• **Your objective**
Using the listing below, copy exactly each line from the one that has "The proposal, titled" through the one that has "Reviews Drug Discovery期刊上线发表。"; omit the pictures.

• **Records to use**
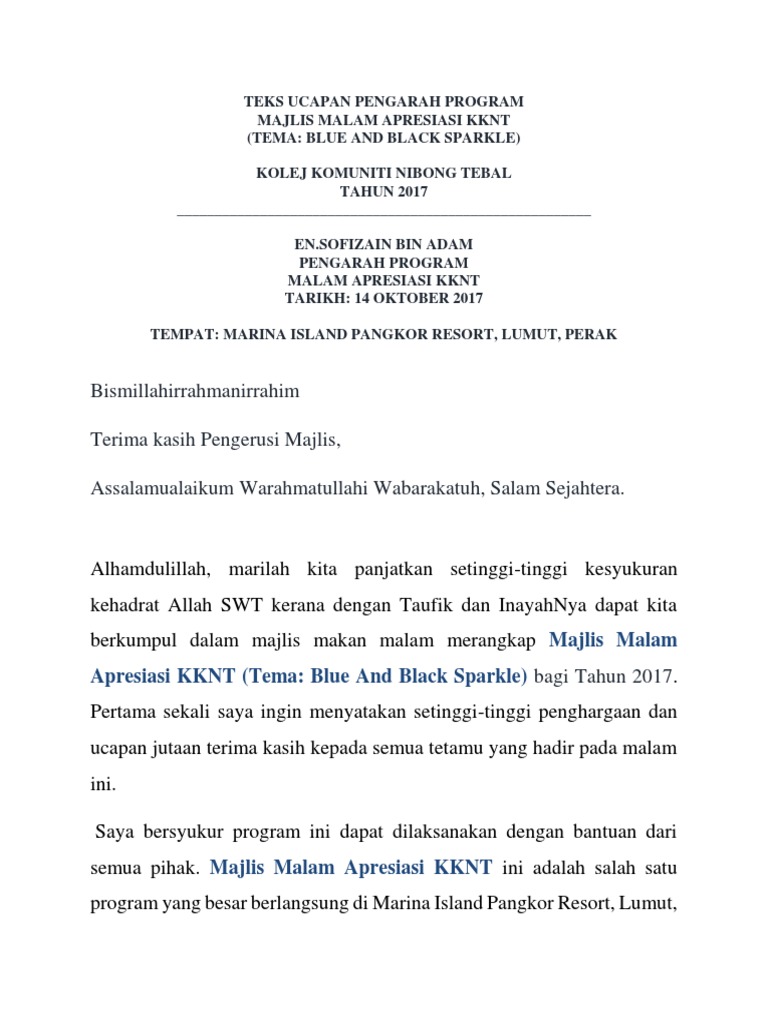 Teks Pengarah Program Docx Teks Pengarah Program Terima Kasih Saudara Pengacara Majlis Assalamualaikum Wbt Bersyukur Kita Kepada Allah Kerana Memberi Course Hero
* * *
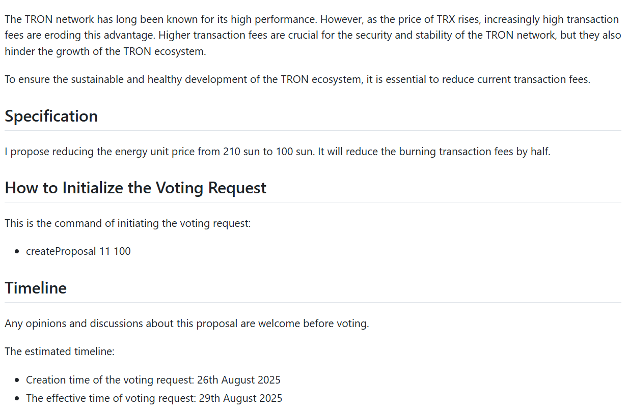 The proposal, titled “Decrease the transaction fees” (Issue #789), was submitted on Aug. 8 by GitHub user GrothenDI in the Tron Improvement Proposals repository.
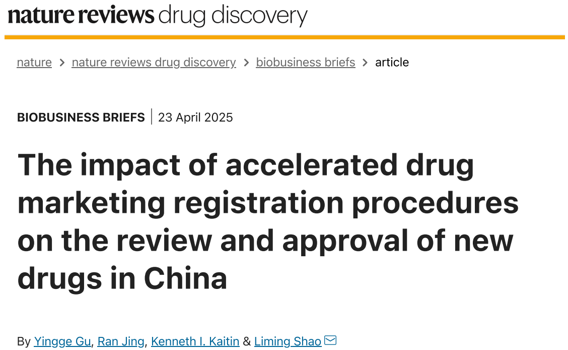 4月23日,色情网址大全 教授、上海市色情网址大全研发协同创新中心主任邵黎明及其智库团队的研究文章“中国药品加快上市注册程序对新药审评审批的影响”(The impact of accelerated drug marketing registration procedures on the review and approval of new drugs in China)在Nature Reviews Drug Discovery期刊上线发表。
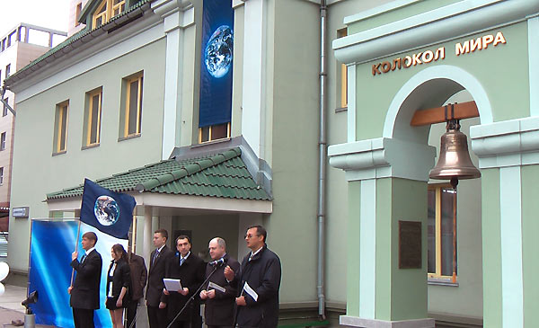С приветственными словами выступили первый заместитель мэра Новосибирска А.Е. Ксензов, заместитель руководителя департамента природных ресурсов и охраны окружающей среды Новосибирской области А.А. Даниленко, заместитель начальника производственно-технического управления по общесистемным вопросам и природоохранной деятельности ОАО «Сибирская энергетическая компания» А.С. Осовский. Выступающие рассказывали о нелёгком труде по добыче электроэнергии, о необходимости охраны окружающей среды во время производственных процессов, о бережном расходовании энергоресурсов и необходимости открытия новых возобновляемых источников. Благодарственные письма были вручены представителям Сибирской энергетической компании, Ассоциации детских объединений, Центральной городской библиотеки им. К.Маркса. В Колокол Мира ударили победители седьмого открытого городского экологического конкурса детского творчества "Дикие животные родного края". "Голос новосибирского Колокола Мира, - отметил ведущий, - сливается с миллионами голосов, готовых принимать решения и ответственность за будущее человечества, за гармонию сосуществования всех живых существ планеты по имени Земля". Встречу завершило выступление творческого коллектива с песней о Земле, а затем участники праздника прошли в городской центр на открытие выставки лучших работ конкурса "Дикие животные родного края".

• **Exercise response**
 The proposal, titled “Decrease the transaction fees” (Issue #789), was submitted on Aug. 8 by GitHub user GrothenDI in the Tron Improvement Proposals repository.
 4月23日,色情网址大全 教授、上海市色情网址大全研发协同创新中心主任邵黎明及其智库团队的研究文章“中国药品加快上市注册程序对新药审评审批的影响”(The impact of accelerated drug marketing registration procedures on the review and approval of new drugs in China)在Nature Reviews Drug Discovery期刊上线发表。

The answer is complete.